Sunday

Aug. 24, 1997

824 The Wind begun to rock the Grass

by Emily Dickinson

SUNDAY 8/24

Today's Reading: "The Wind Begun to Rock the Grass" by Emily Dickinson.

The 15th annual La Fiesta de San Augustin, in honor of St. Augustine, begins today in Tucson, Arizona.

Novelist Oscar Hijeulos (THE MAMBO KINGS PLAY SONGS OF LOVE), was born in New York City in 1951.

Science fiction writer and artist Alice H.B. Sheldon, who also worked in photo-intelligence at the CIA, taught at American University, and was a major in the U.S. Army Air Force, was born in Chicago in 1915.

Blues singer Arthur "Big Boy" Crudup, a major influence on Elvis Presley, was born in Forrest, Mississippi, in 1905.

Argentine writer Jorge Luis Borges, known for his celebrated collection of short stories FICCIONES, was born in Buenos Aires in 1899.

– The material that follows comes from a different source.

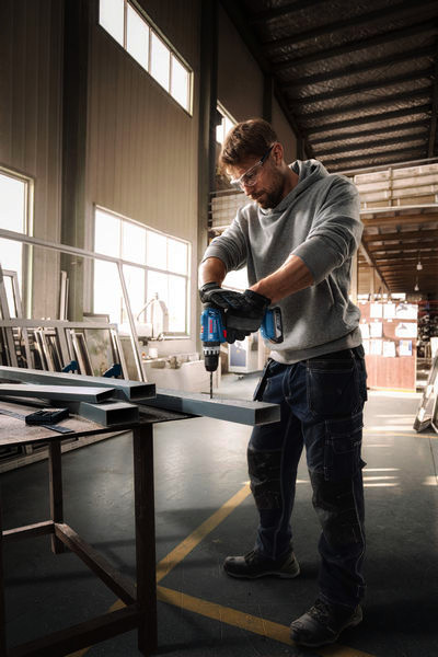 Akku-Schlagbohrschauber GSB 18V-25, Mit seinem 18V Motor bietet Ihnen der Bosch GSB 18V-25 Professional die nötige Leistung, wo und wann immer Sie dies wünschen. Dieses vielseitige Akku-Werkzeug ist nicht nur zum Schrauben in Holz, sondern auch zum Bohren in Mauerwerk und Metall geeignet. Mit seinen verschiedenen Funktionen überzeugt es durch Exzellenz: Sie verhindern Überhitzung oder zu starke Aufladung, sorgen für eine längere Akkulebensdauer und weniger Zeitverluste durch Reparaturen. Der GSB 18V-25 Professional ist mit allen Bosch Professional 18V Akkus und Ladegeräten kompatibel und bietet dadurch eine noch höhere Effizienz und Wirtschaftlichkeit. Der leistungsstarke und vielseitige Bosch GSB 18V-25 Professional ist zum Eindrehen von Schrauben mit bis zu 10 mm Durchmesser in Holz und zum Bohren mit einem Durchmesser von bis zu 35 mm in Holz und bis zu 10 mm in Mauerwerk und Metall geeignet. Durch seine einfache Bedienung ist er ideal für professionelle Handwerker. Karton

Literary critic and social historian Malcolm Cowley, who chronicled the Lost Generation of writers of the '20s and '30s, including Hemingway, Faulkner, Fitzgerald, was born in Belsano, Pennsylvania, in 1898.

Writer Jean Rhys (WILD SARGASSO SEA), was born in Dominica, British West Indies, in 1890.

In 1847 Charlotte Bronte, using the pseudonym of Currer Bell, sent the manuscript of JANE EYRE to her publisher in London.

President James Madison and other officials fled Washington, D.C., in 1814 when British troops invaded and burned the Capitol, the president's house and most of the public buildings.

Mount Vesuvius erupted in 79 A.D., destroying the cities of Pompeii, Stabiae, Herculaneum and other, smaller settlements.